“非是我忤逆不孝,而是母妃您太过分了,你看我就这样说几句你就受不了吗?那母妃呢?到处让人去传任薄雪在青楼待过,她一个未出阁的女孩儿,你可知道你这样做,对她有多大的影响,多大的伤害?”
“本宫说的是实话,这样不知检点的女人,还敢赖着你,不是狐狸精是什么!”
安萧泉气的七窍生烟,他怎么以前就没有发现过良妃怎么这么不可理喻!
“她是为了帮我!如果不是薄雪,我怎么可能找得到那些证据,父皇又怎么会要废太子,虽然如今旨意还没下来,但是明眼人都知道太子已经成不了气候了,这一切,如果不是任薄雪,我根本做不到!可是母妃你呢,你都在干什么,论起来任薄雪还是我的恩人,母妃你却在不断的恩将仇报!”

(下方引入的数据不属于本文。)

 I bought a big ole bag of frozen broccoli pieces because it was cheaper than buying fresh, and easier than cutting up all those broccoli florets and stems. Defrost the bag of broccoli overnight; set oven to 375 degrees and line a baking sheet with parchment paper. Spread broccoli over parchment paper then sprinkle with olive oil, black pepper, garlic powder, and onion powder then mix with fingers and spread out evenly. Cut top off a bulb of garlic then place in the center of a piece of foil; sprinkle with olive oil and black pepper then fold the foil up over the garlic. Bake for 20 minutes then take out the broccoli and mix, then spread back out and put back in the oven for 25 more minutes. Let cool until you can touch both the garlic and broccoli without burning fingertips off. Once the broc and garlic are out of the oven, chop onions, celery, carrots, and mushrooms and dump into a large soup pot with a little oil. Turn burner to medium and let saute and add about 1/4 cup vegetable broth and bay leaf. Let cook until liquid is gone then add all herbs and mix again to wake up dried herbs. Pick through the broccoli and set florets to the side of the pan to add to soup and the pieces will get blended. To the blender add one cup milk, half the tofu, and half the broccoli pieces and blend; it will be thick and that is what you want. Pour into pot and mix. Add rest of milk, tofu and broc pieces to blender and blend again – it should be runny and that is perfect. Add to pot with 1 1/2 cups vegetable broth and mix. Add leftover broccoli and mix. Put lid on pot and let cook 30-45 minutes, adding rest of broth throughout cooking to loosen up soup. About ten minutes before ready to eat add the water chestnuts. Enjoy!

良妃根本听不进去安萧泉的话,只觉得安萧泉是被任薄雪给迷得团团转已经没了理智了,甚至她都觉得任薄雪根本就是真正的狐狸精,就是来迷惑安萧泉,伤害安萧泉的。
“不管你怎么帮她解释,本宫都不会听,泉儿,母妃是过来人,你要相信母妃,任薄雪她不是什么好女孩。泉儿,你出身尊贵,要什么样的女人美人没有,为什么非就是要任薄雪!”

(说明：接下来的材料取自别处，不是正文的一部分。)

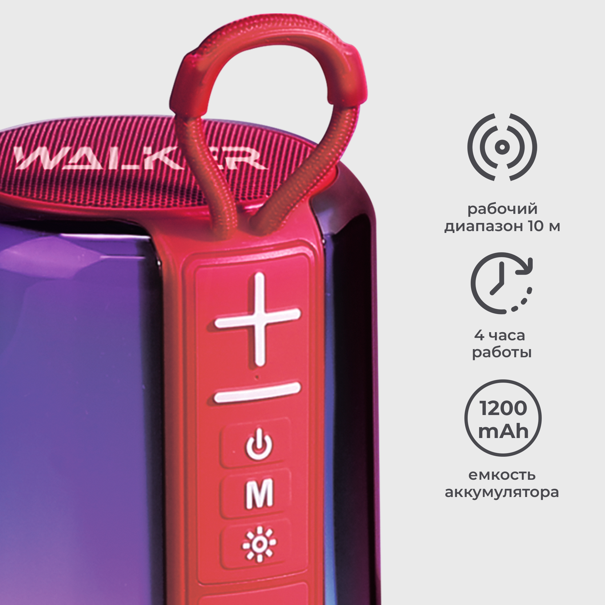 Портативная колонка, WALKER, WSP-125, 5Вт, RGB-подсветка, TWS, Bluetooth 5.3, колонка блютуз, колонка jbl, jbl колонка, bluetooth колонка, красная информация:

“不管多少女孩,她们都不是薄雪,也比不上薄雪,在儿臣的眼里薄雪就是最好的,不是她配不上儿臣,是儿臣配不上她!”
“你简直是疯了!”
“是,儿臣是疯了,儿臣为了薄雪疯了,造成这样的罪魁祸首就是你!”这话虽然诛心,但何尝不是真实的写照,若不是良妃三番四次的挑起事端,事情又怎么会成了现在这般模样。
良妃气急,一个巴掌扇在了安萧泉的脸上。
啪的一声响,整个屋里都安静了下来。
安萧泉微微倾斜着脑袋,良妃也盯着自己的手掌半晌没有反应过来,白般错愕的看着自己是手掌,似是不相信自己刚刚做了什么。
“母妃请回宫吧,儿臣要休息了。”
安萧泉说完便直接躺在了床上,拉上被子,转身侧着面向里头的墙壁背对着良妃。
良妃气的流下泪来,只是她第一次打安萧泉,只是扇出去的巴掌,再也收不回来了。
母子两个直接闹僵,可是安萧泉突然反觉得自己这一刻特别的轻松,或许是因为自己心里一直想说的话今日都发泄了出来。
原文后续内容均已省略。